Die DFB-Emanzen
Achtung, jetzt komm ich: Bastian Schweinsteiger ist einer der neuen deutschen Welle im DFB-Team. Wie Philipp Lahm, Simon Rolfes und Thomas Hitzlsperger meldet er nun vor dem Auftakt zur WM-Qualifikation in Liechtenstein in Abwesenheit der verletzten Platzhirsche Michael Ballack und Torsten Frings Ansprüche auf eine Führungsrolle an.
Gerade einmal 69 Tage sind vergangen seit die DFB-Auswahl im EM-Finale von Wien gegen Spanien stand, das 0:1 verloren ging. Man führe sich noch einmal die Aufstellung der Nationalmannschaft vor Augen: Lehmann im Tor, die Viererabwehrkette mit Friedrich, Metzelder, Mertesacker und Lahm. Das Mittelfeld mit Frings, Ballack, Schweinsteiger, Hitzlsperger, dazu der Sturm Klose und Podolski. Eine profunde, erfahrene Elf, allesamt mit mindestens einer WM-Endrunde im Kreuz.
Spanien war gestern, heute ist Liechtenstein, die erste Station der WM-Qualifikation auf dem Weg zur Endrunde 2010 in Südafrika. Gerade einmal fünf Spieler, die das enttäuschende Finale in Wien bestritten hatten, stehen Samstag in der Startformation. Die Bayern-Stars Lahm, Schweinsteiger, Klose und Podolski, dazu Hitzlsperger. Und sonst? Spielt die neue deutsche Welle, eine neue Generation.
Darunter EM-Teilzeitkräfte wie Fritz und Rolfes sowie die EM-Bankdrücker Trochowski, Westermann und Torhüter Enke plus Tasci, der Neuling – das Sixpack hat zusammen gerade mal 52 Länderspiele. Gewöhnlich ein ganz normaler Vorgang. Alt-Stars treten zurück (Keeper Lehmann), andere sind verletzt (Kapitän Ballack, Frings, Mertesacker) oder nicht in Form (Metzelder). Doch in diesem Fall ist es mehr als eine Laune der Zeit und der Natur. Assistenz-Trainer Hansi Flick, ansonsten eher um diplomatische Vorsicht bemüht, meinte am Freitag vor der Abreise ungewohnt deutlich: „Die Zeiten haben sich geändert.“ Will sagen: Die Karten werden neu gemischt.

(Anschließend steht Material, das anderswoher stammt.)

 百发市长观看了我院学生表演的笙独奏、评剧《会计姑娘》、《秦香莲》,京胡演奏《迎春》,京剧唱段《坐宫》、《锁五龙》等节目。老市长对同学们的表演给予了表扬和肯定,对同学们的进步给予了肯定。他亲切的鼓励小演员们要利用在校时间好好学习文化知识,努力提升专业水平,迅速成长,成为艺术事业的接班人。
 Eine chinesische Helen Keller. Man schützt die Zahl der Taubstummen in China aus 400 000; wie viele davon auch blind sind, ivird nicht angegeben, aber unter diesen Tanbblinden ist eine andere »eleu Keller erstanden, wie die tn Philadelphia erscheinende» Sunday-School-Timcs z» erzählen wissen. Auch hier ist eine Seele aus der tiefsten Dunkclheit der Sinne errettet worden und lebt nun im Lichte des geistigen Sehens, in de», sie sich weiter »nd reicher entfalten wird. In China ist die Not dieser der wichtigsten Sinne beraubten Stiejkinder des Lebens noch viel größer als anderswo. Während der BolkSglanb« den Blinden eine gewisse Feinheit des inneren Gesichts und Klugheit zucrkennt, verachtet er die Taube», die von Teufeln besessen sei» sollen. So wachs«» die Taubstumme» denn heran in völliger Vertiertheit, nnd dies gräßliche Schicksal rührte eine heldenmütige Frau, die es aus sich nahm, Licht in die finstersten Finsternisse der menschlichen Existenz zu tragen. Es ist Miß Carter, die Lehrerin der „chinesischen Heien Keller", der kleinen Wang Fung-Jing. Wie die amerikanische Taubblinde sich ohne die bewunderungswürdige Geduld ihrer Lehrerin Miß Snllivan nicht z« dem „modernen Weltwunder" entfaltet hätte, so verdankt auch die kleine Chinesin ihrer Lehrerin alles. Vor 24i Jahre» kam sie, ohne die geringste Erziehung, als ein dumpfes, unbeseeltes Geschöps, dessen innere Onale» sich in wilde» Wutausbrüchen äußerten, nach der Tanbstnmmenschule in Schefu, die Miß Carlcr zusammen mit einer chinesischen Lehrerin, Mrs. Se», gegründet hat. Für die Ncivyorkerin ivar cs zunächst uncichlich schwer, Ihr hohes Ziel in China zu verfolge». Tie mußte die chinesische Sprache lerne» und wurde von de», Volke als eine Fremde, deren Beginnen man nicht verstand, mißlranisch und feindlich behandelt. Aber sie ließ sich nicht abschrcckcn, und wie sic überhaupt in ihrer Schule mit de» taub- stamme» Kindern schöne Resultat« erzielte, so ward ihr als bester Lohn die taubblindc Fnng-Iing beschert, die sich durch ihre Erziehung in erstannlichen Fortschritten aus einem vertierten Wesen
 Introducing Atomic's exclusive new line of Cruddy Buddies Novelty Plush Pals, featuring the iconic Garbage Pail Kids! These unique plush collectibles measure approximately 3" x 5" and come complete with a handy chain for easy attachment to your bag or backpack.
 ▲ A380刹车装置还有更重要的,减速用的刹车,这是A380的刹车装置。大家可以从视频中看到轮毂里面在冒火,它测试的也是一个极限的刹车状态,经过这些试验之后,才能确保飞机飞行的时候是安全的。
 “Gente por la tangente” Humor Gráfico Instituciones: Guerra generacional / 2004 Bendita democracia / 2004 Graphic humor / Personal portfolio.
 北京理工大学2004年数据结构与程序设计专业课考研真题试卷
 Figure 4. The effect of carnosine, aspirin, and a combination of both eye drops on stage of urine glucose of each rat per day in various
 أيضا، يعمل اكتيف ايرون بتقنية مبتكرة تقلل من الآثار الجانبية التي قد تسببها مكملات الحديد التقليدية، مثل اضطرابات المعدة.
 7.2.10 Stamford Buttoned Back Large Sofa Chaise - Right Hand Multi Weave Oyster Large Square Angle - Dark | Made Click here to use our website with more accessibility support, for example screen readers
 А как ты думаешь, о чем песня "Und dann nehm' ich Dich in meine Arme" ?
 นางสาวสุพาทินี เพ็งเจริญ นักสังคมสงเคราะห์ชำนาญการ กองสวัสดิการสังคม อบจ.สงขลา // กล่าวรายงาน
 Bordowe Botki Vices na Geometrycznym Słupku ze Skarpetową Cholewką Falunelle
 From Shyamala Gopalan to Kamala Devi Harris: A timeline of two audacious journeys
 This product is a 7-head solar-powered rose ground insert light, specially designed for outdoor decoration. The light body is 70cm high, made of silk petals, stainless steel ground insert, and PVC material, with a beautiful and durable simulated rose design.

Fröhlich drohte er: „Wir können auswählen.“ Ein deutliches Zeichen etwa an Routinier Christoph Metzelder, der – obwohl gesund – auf der Bank sitzen wird. Den Fehler, einen zugegeben verdienten WM-Helden von 2006 auch durch das nächste Turnier zu schleppen, will Bundestrainer Joachim Löw nicht noch einmal machen.
Kapitän Michael Ballack war in den Tagen von Oberhaching aus gutem Grund anwesend, galt es doch, die Differenzen zu Teilen der Mannschaft wiederherzustellen. Am Freitag aber reiste der Chelsea-Star zurück nach London. Torsten Frings fehlt wegen seines Nasenbeinbruchs komplett, Lehmann ist zurückgetreten. „Wenn zwei, drei Leute ausfallen, bildet sich eine neue Hierarchie“, sagte Miroslav Klose, mit 82 Länderspielen der Erfahrenste im Kader und daher Kapitän. Aber auch ihm ist eine schleichende Entwicklung, die schon am Rande des Tests gegen Belgien (2:0) zu spüren war, nicht entgangen: „Mit Schweinsteiger, Lahm und Hitzlsperger sind Leute da, die was zu sagen haben." Sie wollen nicht nur spielen, sie wollen bestimmen. Steht eine Wachablösung bevor?
Lahm ist im Mannschaftsrat und sagte in der „SZ“: „Ich bin mir sicher, dass mein Wort was zählt.“ Schweinsteiger ist in Abwesenheit von Ballack und Frings Mittelfeld-Chef und Vize-Kapitän. Es läuft eine – gar nicht so – heimliche Emanzipation, Löw findet das gut. „Ich weiß, dass mit Ballack und Frings noch zwei erfahrene Spieler da sind, die es zu verdrängen gilt“, sagte Hitzlsperger, und Rolfes meinte frech: „Für uns beide beginnt ein neuer Abschnitt mit neuen Zielen.“ Sie wollen Macht, die DFB-Emanzen.